■ Aim of the task: Beginning with the line that contains "- ความสูงเสามีให้เลือกได้ตั้งแต่ 4-12", retype the entries below exactly, ending with the line that contains "本网讯,11月14日,由主持". Leave out any pictures.

*** Opening of Data for processing ***

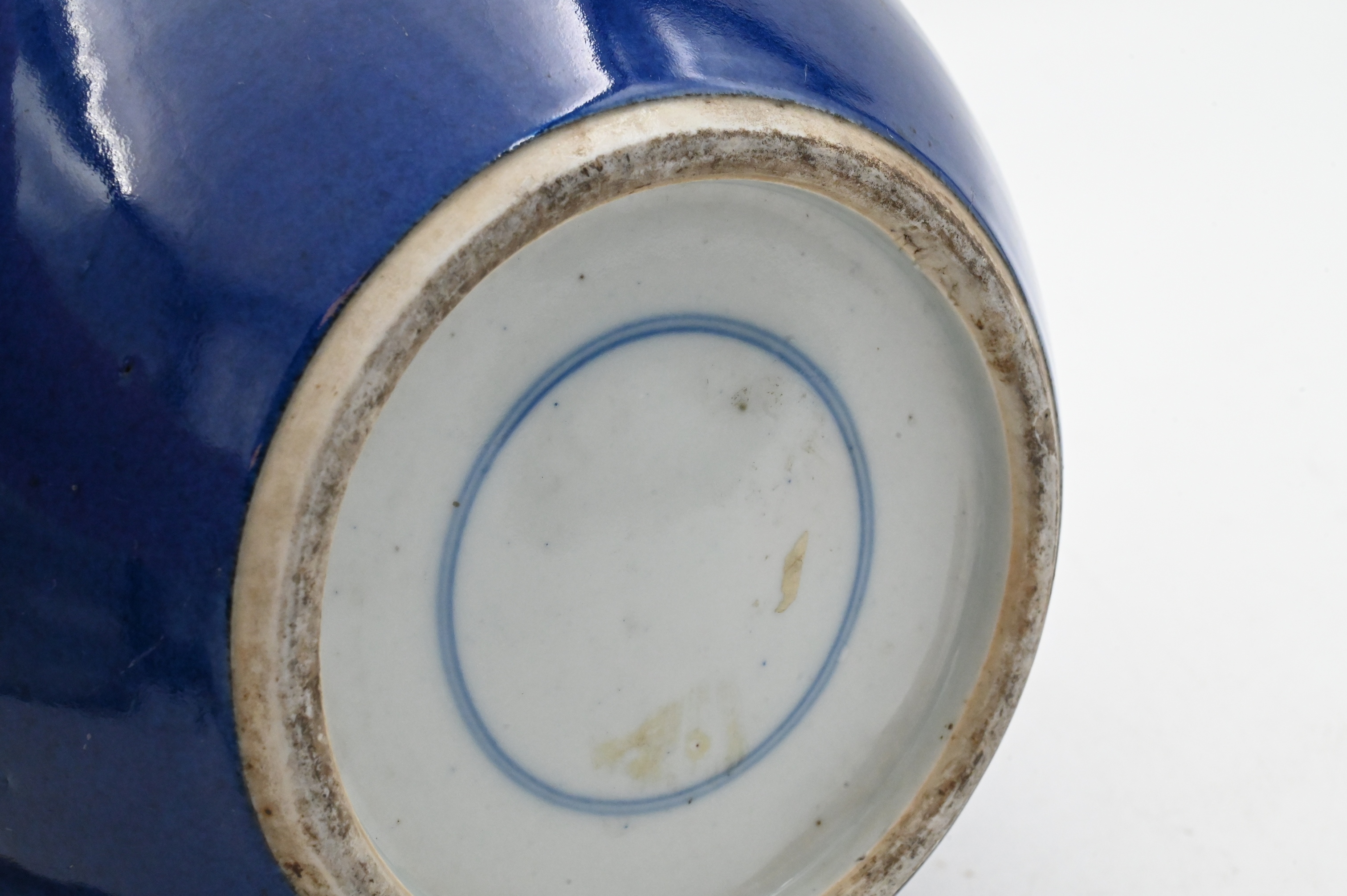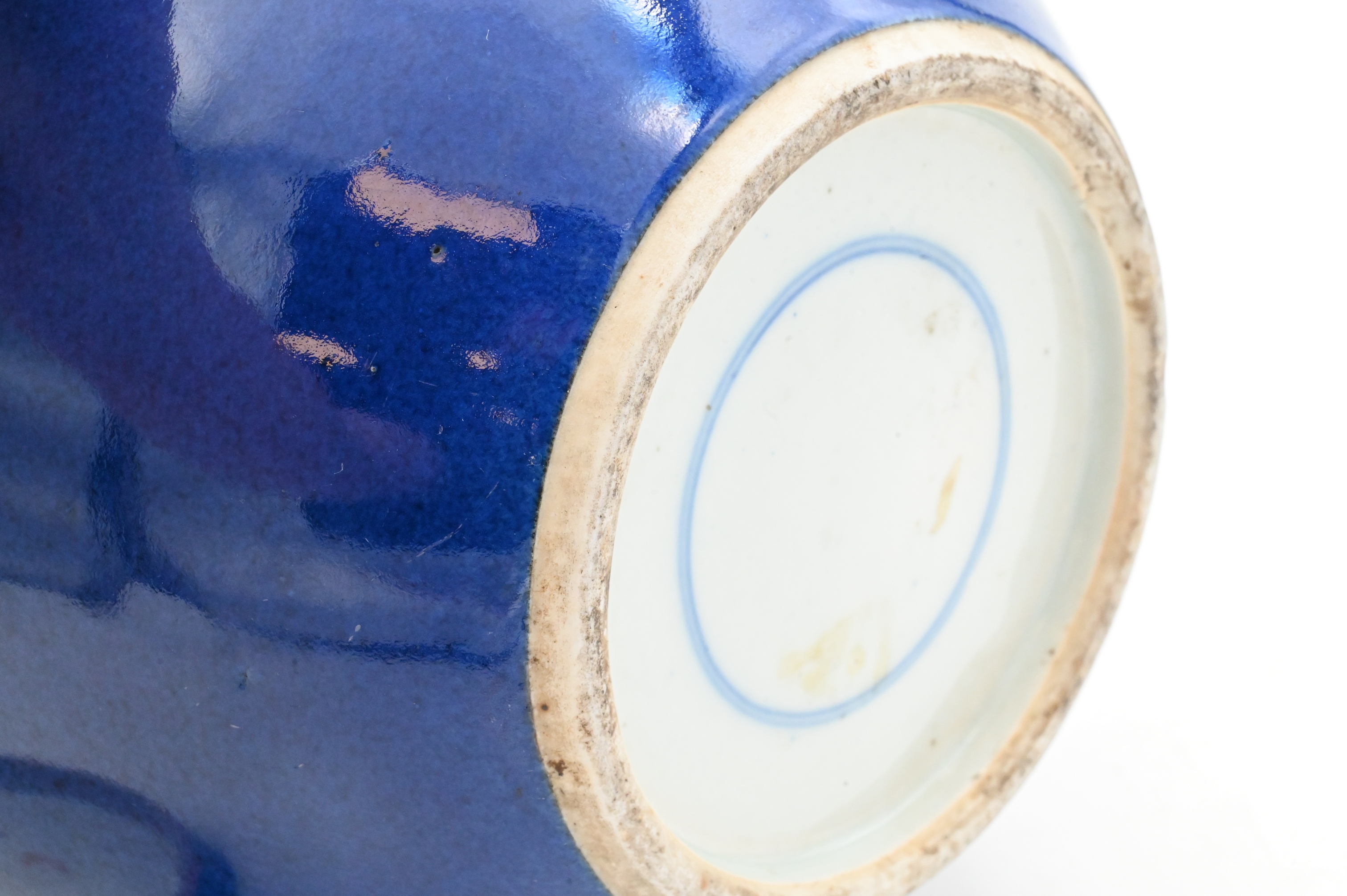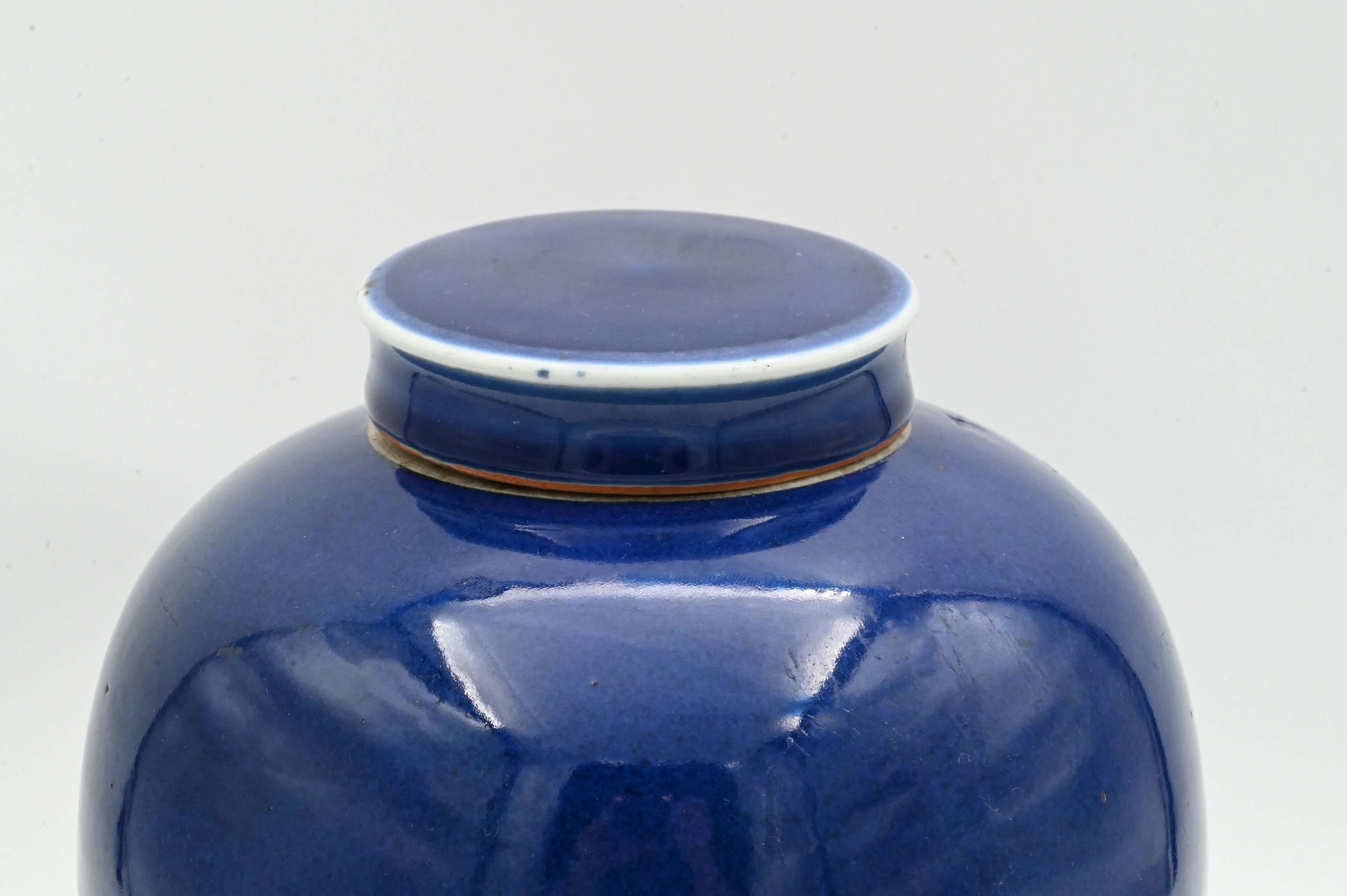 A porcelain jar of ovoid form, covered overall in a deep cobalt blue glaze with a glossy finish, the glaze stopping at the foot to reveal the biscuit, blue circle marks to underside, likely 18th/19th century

*** Close of Data for processing ***
*** Opening of Data for processing ***

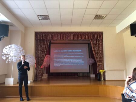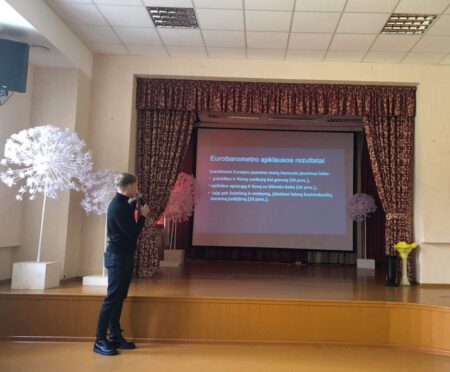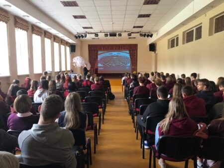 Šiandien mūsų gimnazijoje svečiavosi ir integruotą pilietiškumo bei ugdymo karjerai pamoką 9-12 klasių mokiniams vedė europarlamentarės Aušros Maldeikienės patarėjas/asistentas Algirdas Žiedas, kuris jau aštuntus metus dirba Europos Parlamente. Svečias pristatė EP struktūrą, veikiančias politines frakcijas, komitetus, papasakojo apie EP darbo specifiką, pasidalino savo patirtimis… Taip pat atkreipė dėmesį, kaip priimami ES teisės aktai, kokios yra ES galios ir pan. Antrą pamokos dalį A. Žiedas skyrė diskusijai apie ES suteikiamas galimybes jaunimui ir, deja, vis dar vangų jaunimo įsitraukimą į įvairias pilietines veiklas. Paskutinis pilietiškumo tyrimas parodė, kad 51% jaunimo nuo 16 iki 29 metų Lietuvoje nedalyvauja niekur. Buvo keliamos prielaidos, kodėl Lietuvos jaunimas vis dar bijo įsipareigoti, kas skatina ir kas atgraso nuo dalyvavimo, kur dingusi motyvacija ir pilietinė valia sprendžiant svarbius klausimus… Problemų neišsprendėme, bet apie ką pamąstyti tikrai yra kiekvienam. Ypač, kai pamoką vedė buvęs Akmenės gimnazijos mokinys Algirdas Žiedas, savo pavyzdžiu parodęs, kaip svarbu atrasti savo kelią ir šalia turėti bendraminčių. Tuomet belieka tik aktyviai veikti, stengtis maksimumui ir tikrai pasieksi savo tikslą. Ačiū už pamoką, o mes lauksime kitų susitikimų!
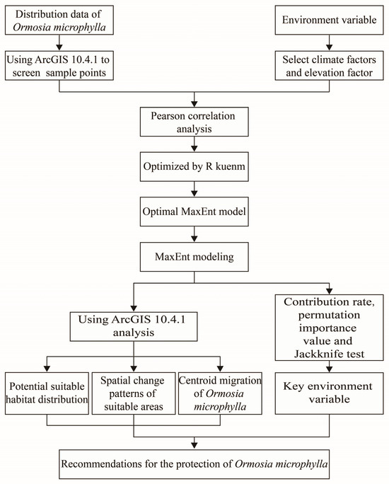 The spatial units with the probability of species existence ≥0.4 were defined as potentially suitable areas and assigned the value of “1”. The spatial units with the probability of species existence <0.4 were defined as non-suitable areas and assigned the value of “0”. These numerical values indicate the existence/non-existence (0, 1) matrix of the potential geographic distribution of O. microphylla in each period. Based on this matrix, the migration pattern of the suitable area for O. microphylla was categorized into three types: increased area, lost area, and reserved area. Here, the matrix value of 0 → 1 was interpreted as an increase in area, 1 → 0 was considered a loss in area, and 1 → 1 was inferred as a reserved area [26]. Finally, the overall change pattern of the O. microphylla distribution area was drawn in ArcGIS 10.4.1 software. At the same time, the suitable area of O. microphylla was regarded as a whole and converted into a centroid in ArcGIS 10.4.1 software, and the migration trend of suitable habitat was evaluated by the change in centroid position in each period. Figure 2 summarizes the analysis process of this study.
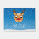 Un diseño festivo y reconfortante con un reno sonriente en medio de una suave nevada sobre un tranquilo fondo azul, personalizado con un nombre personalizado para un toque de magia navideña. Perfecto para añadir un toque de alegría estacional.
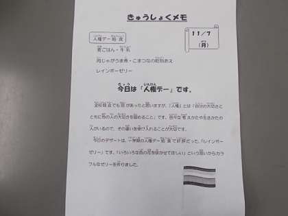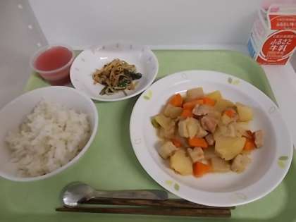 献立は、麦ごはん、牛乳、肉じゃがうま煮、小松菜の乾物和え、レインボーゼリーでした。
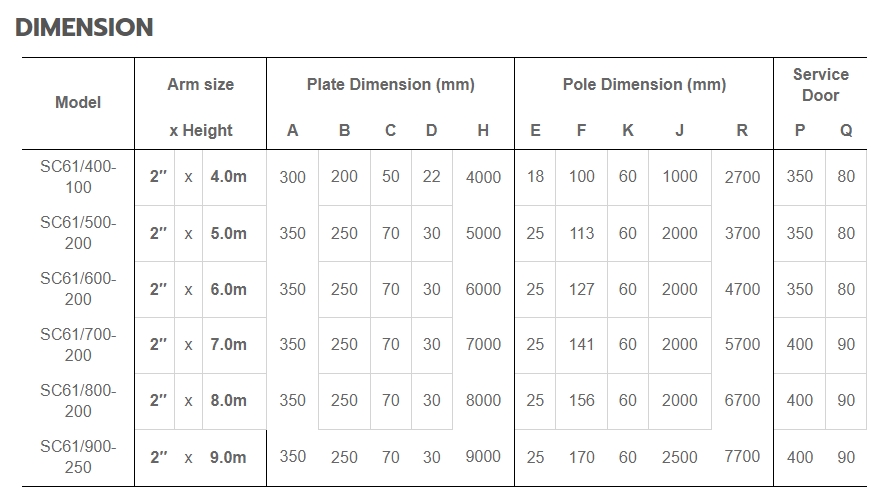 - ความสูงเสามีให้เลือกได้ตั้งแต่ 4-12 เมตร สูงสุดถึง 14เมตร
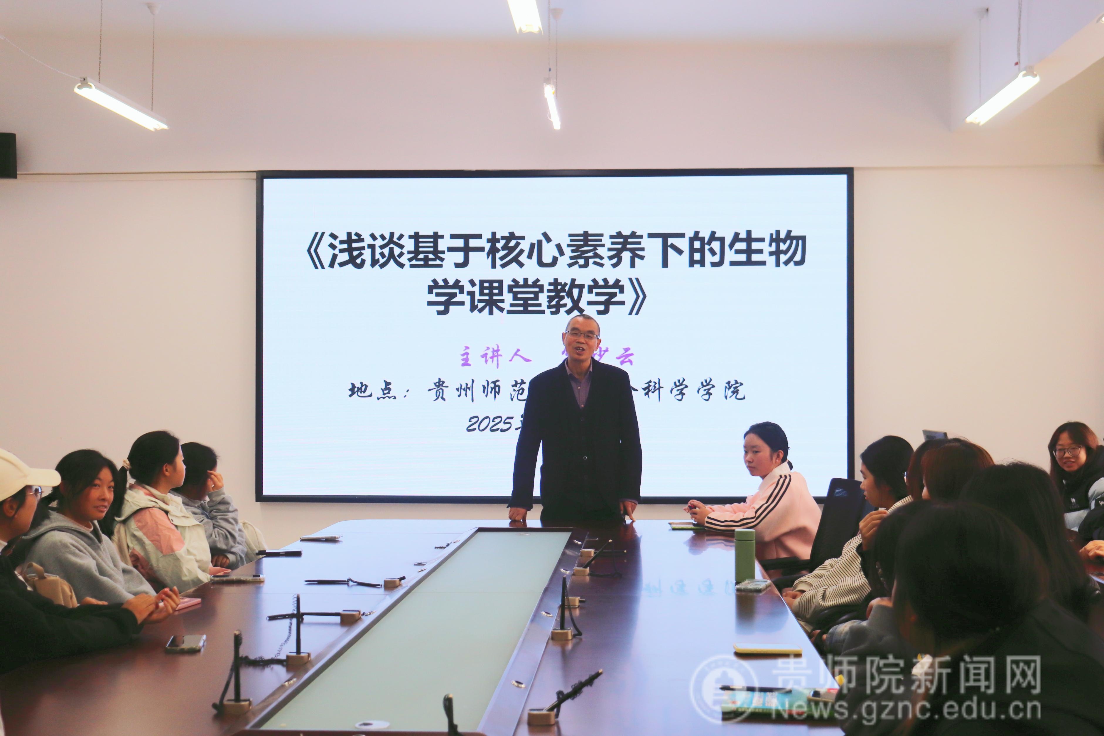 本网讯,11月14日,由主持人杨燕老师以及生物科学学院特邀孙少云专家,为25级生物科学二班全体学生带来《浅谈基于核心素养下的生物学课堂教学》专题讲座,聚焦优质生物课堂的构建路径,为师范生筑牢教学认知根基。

*** Close of Data for processing ***
*** Opening of Data for processing ***

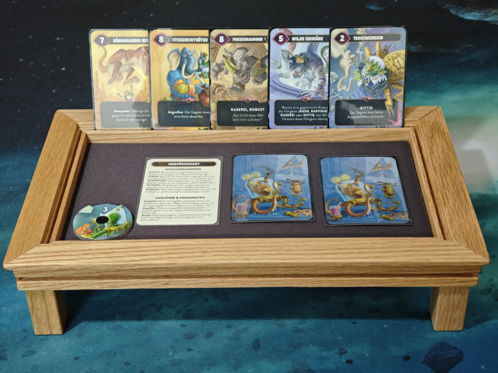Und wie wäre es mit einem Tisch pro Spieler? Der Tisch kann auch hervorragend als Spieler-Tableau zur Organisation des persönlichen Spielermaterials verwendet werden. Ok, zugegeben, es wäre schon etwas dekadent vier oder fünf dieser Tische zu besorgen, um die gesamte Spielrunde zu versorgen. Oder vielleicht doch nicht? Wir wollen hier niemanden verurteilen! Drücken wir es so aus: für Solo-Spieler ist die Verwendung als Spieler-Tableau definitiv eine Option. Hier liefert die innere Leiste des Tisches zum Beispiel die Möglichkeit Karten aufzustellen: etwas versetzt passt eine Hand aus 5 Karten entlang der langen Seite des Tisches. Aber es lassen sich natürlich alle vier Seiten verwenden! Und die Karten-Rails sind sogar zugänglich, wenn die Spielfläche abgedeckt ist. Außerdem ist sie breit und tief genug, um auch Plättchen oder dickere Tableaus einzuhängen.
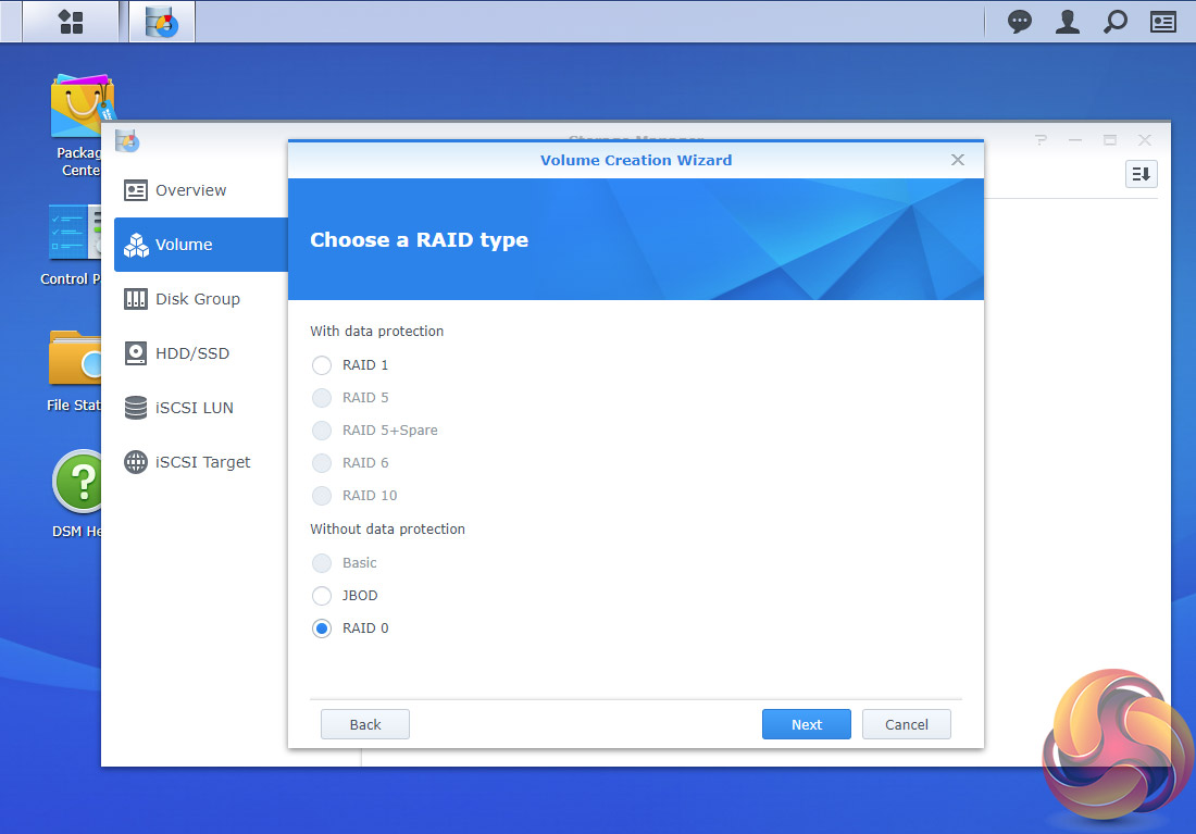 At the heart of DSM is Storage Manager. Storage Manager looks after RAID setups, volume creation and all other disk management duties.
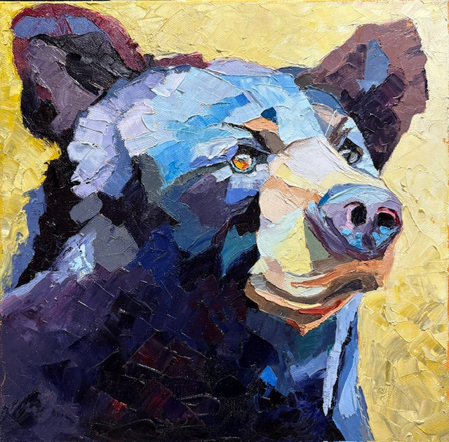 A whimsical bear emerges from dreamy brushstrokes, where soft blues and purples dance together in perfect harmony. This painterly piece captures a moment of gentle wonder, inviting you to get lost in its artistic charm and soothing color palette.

*** Close of Data for processing ***

■ Answer area:
 - ความสูงเสามีให้เลือกได้ตั้งแต่ 4-12 เมตร สูงสุดถึง 14เมตร
 本网讯,11月14日,由主持人杨燕老师以及生物科学学院特邀孙少云专家,为25级生物科学二班全体学生带来《浅谈基于核心素养下的生物学课堂教学》专题讲座,聚焦优质生物课堂的构建路径,为师范生筑牢教学认知根基。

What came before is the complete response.